Restriction enzymes cut DNA at precise points producing a collection of DNA fragments of precisely defined length. These can be separated by electrophoresis, with the smaller fragments migrating farther than the larger fragments. One or more of the fragments can be visualized with a "probe" — a molecule of single-stranded DNA that is complementary to a run of nucleotides in one or more of the restriction fragments and is radioactive (or fluorescent). If probes encounter a complementary sequence of nucleotides in a test sample of DNA, they bind to it by Watson-Crick base pairing and thus identify it. Polymorphisms are inherited differences found among the individuals in a population.

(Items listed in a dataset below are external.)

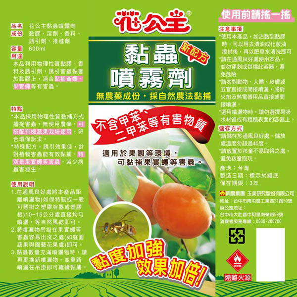 ※ 採用物理性質黏膠、香料及誘引劑,誘引害蟲黏著於黏膠上,適合黏捕蒼蠅、果實蠅等害蟲。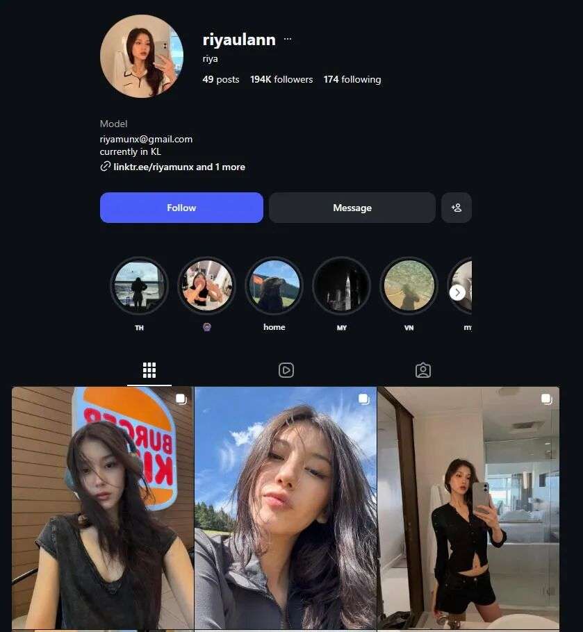 举个例子,其中一个被TikTok封禁的账号,盗用了模特Riya Ulan的视频。Riya是马来西亚人,纯亚洲人肤色,结果经过AI上色,她变成了这样: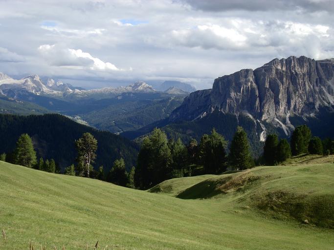 Keywords: mountains nature landscape meadow freedom green grass idyll rest holiday relaxation free holidays relax travel hiking hike dolomites italy wide mountain sky rock panorama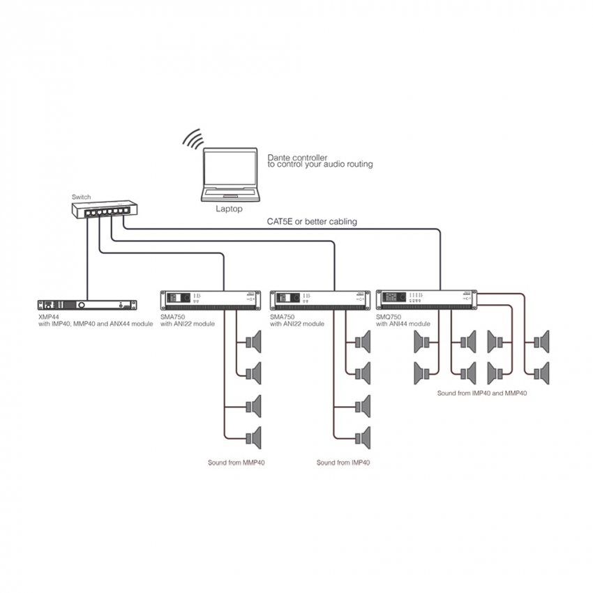 Modulen gör det även möjligt att skicka ljudsignaler vidare i Dante-nätverket, även om de ansluts till SMA/SMQ förstärkaren analogt.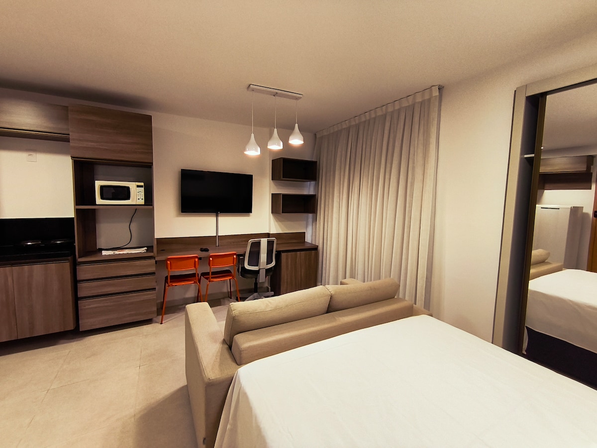 Apartamento tipo Studio novo com todo mobiliário novo e bem planejado de forma a trazer o máximo conforto para os nossos hóspedes. Andar alto,muito bem localizado com tudo próximo , em plena Av Itamar Franco, 915,quase esquina com Av. Br. Rio Branco no coração da cidade! Ideal para seu home office aliado ao lazer! Com uma área de lazer completa com piscina,academia,área gourmet, coworking, espaço kids e lavanderia. Curta uma experiência sem igual neste Studio bem-localizado com ar cond. e lazer!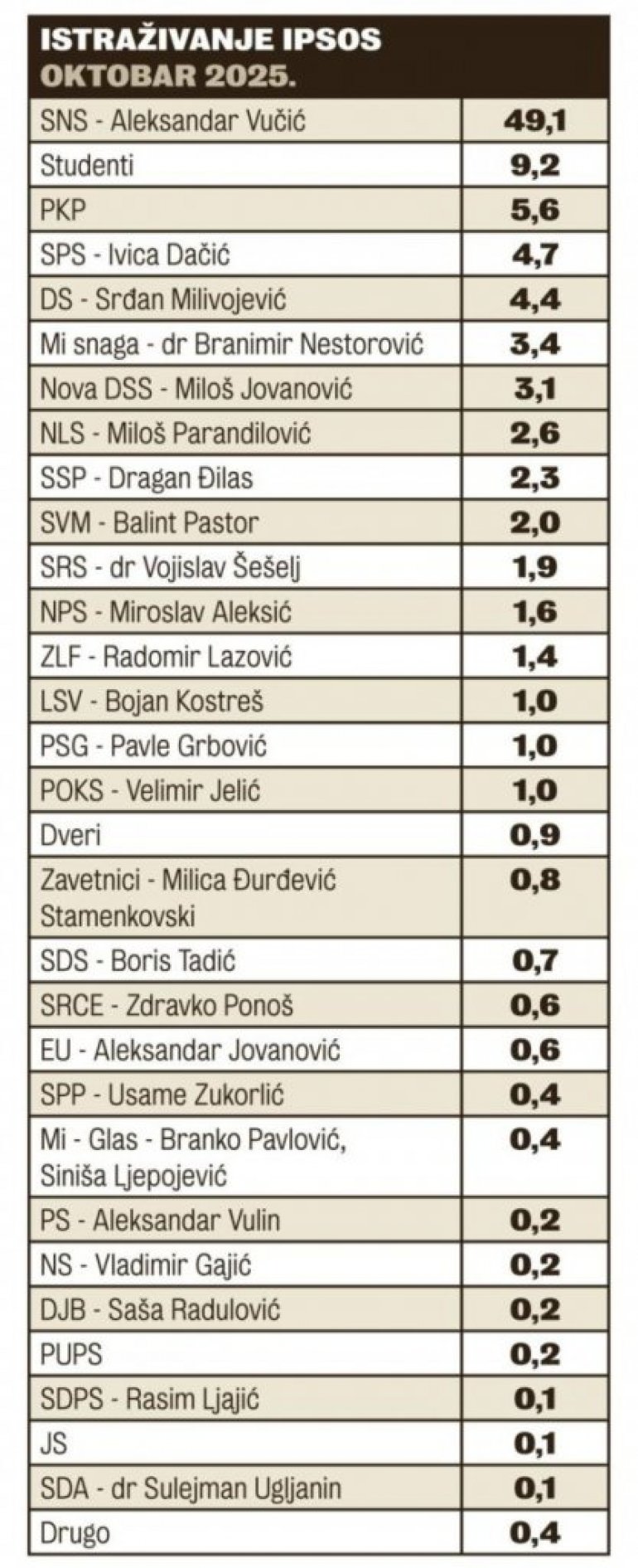 PREMA najnovijem omnibus istraživanju za oktobar mesec prestižne agencije Ipsos, da se parlamentarni izbori u Srbiji održavaju u nedelju 2. novembra, lista Srpske napredne stranke Aleksandra Vučića osvojila bi 49,1 odsto glasova, dok bi tzv. "studentska lista" dobila 9,2 procenata podrške građana.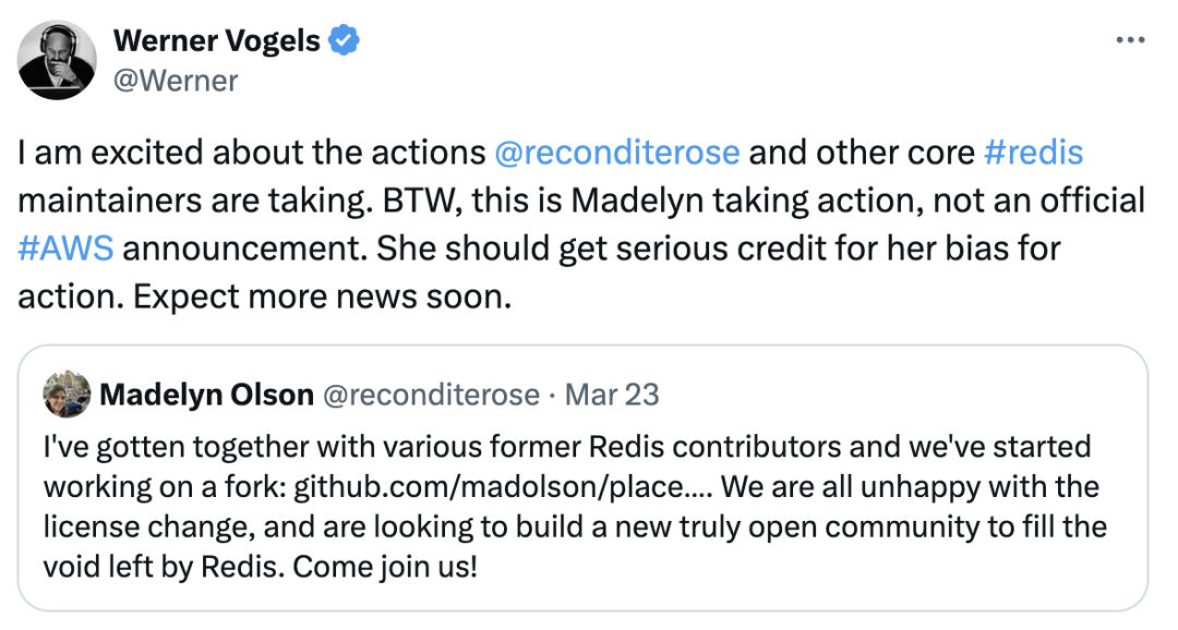 当 Redis 宣布更改协议后,马上就有 AWS 员工跳出来 Fork Redis —— “Redis 不开源了,我们的分叉才是真开源!” 然后 AWS CTO 出来叫好并惺惺作态:这是我们员工的个人行为 —— 堪称现实版杀人诛心。而同样的事情已经发生过好几次了,比如分叉 ElasticSearh 的 OpenSearch,分叉 MongoDB 的 DocumentDB。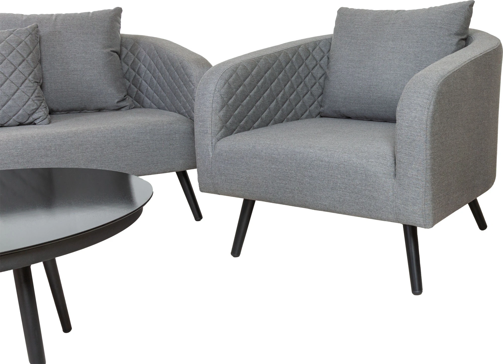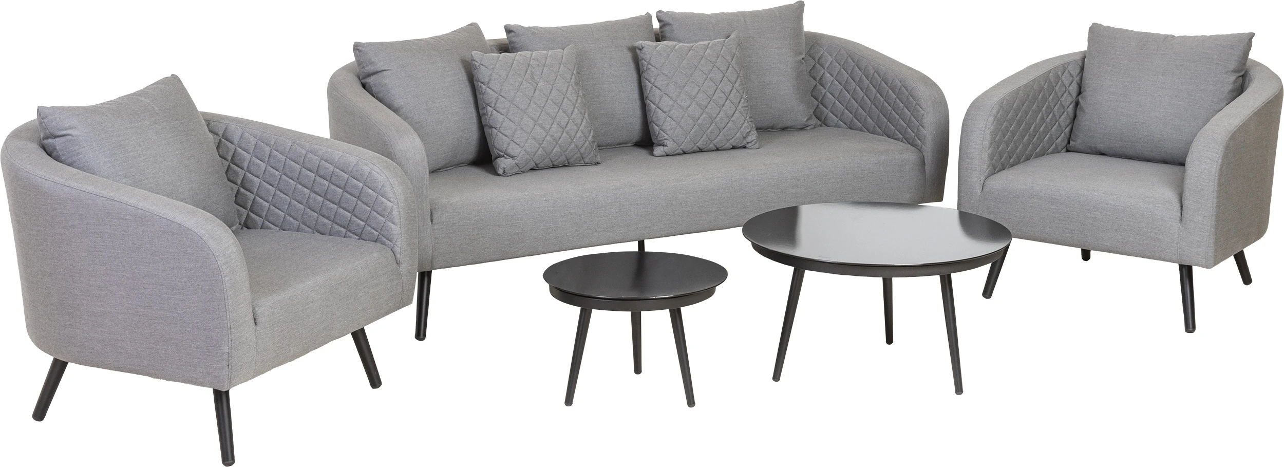 Mit diesem Sofa Set kann der Sommer kommen. GenieĂen Sie schöne Momente mit dieser Garnitur im Retro Style. Die Auflage aus atmungsaktiven SunbrellaÂź Bezug sorgt fĂŒr besten Komfort und ist obendrein pflegeleicht und witterungsbestĂ€ndig. Die hochwertige FĂŒllung der Auflage ist aufgrund groĂer, offener Poren wasserdurchlĂ€ssig und trocknet durch maximale Luftzirkulation besonders schnell. Die beiden Tische, in der Farbe schwarz, haben unterschiedliche MaĂe und bilden ein stimmiges Duo. Das Set bietet im Innenbereich sowie auf der Terrasse hohen Komfort und Entspannung pur.

Restriction Fragment Length Polymorphisms (RFLPs) have provided valuable information in many areas of biology, including screening human DNA for the presence of potentially deleterious genes ("Case 1") and providing evidence to establish the innocence of, or a probability of the guilt of, a crime suspect by DNA "fingerprinting" ("Case 3")
Case 1: Screening for the sickle-cell gene
Fig. 11.6.1 Sickle-cell Mutation
Sickle-cell disease is a genetic disorder in which both genes in the patient encode the amino acid valine (Val) in the sixth position of the beta chain (betaS) of the hemoglobin molecule. "Normal" beta chains (betaA) have glutamic acid at this position. The only difference between the two genes is the substitution of a T for an A in the middle position of codon 6. This converts a GAG codon (for Glu) to a GTG codon for Val and abolishes a sequence (CTGAGG, which spans codons 5, 6, and 7) recognized and cut by one of the restriction enzymes.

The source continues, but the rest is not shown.